METHOD OVERVIEW

Direct Observation

“Direct observation is distinguished from participant observation in a number of ways. First, a direct observer doesn’t typically try to become a participant in the context. However, the direct observer does strive to be as unobtrusive as possible so as not to bias the observations. Second, direct observation suggests a more detached perspective. The researcher is watching rather than taking part. Consequently, technology can be a useful part of direct observation. For instance, one can videotape the phenomenon or observe from behind one-way mirrors. Third, direct observation tends to be more focused than participant observation. The researcher is observing certain sampled situations or people rather than trying to become immersed in the entire context. Finally, direct observation tends not to take as long as participant observation. For instance, one might observe child-mother interactions under specific circumstances in a laboratory setting from behind a one-way mirror, looking especially for the nonverbal cues being used.”

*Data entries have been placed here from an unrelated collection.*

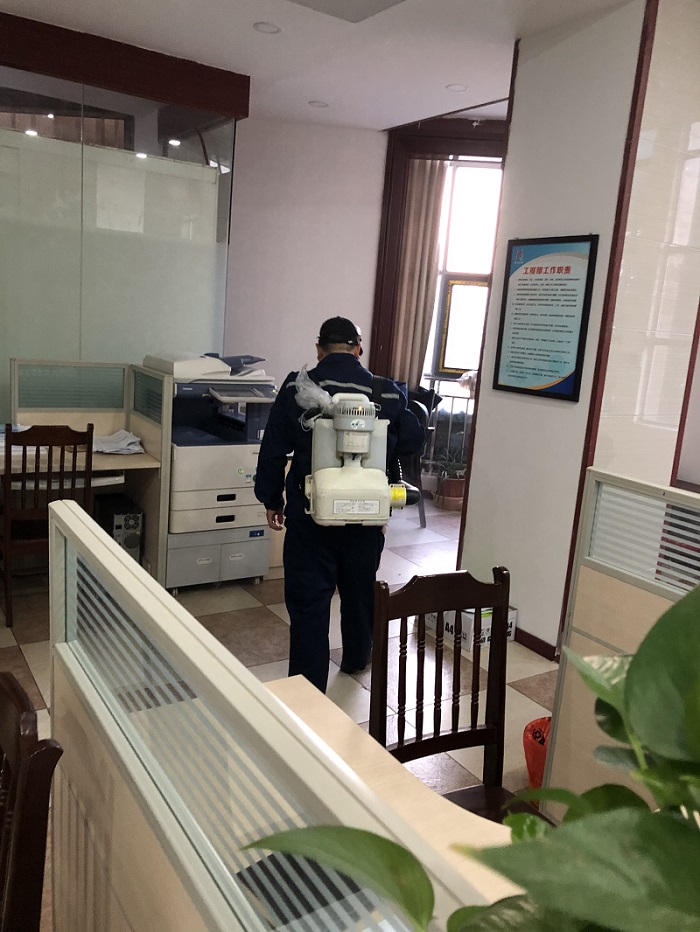 二是對(duì)單位辦公場(chǎng)所等區(qū)域開展防疫消毒工作。
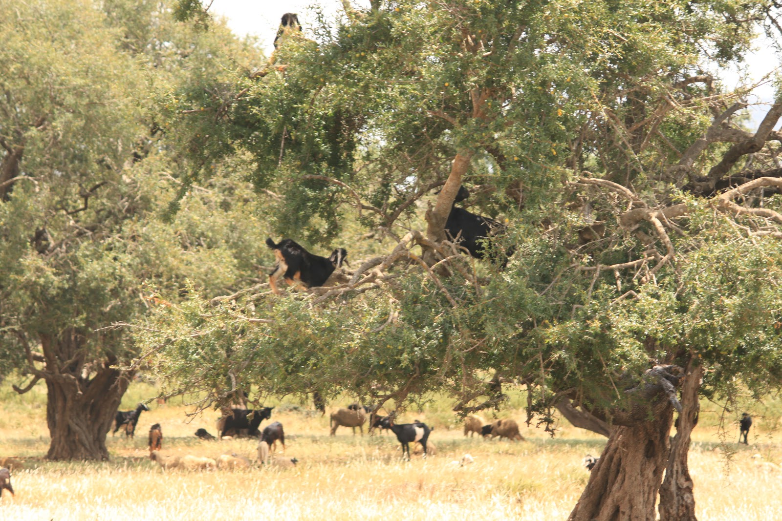 The Goats crack the harder, outer shells of the Argon Fruit, exposing their oil-filled interior for harvest.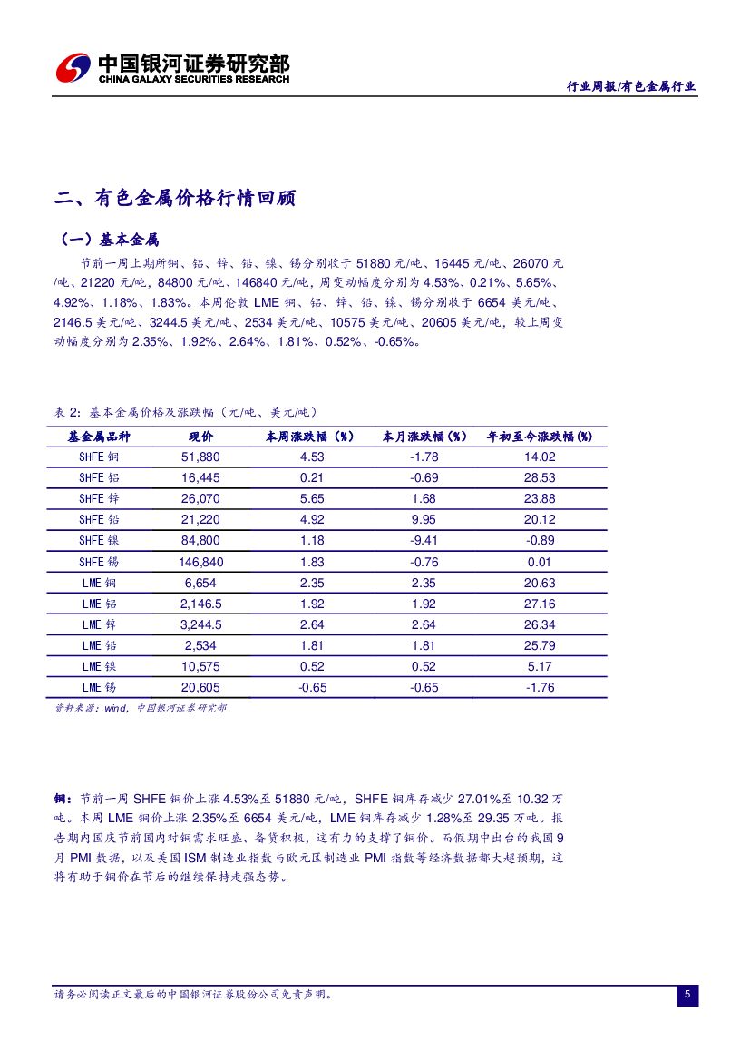 中国银河:有色金属行业周报:经济数据大超预期,有色金属或迎来新一轮行情.pdf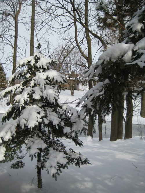 The snow came down Friday night. It was sticky snow that clung to everything and frosted the branches.

Source: Trochim, W. M. K. Research Methods Knowledge Base. (online resource) Qualitative Methods: Direct Observation.

Participant Observation

“One of the most common methods for qualitative data collection, participant observation is also one of the most demanding. It requires that the researcher become a participant in the culture or context being observed. The literature on participant observation discusses how to enter the context, the role of the researcher as a participant, the collection and storage of field notes, and the analysis of field data. Participant observation often requires months or years of intensive work because the researcher needs to become accepted as a natural part of the culture in order to assure that the observations are of the natural phenomenon.”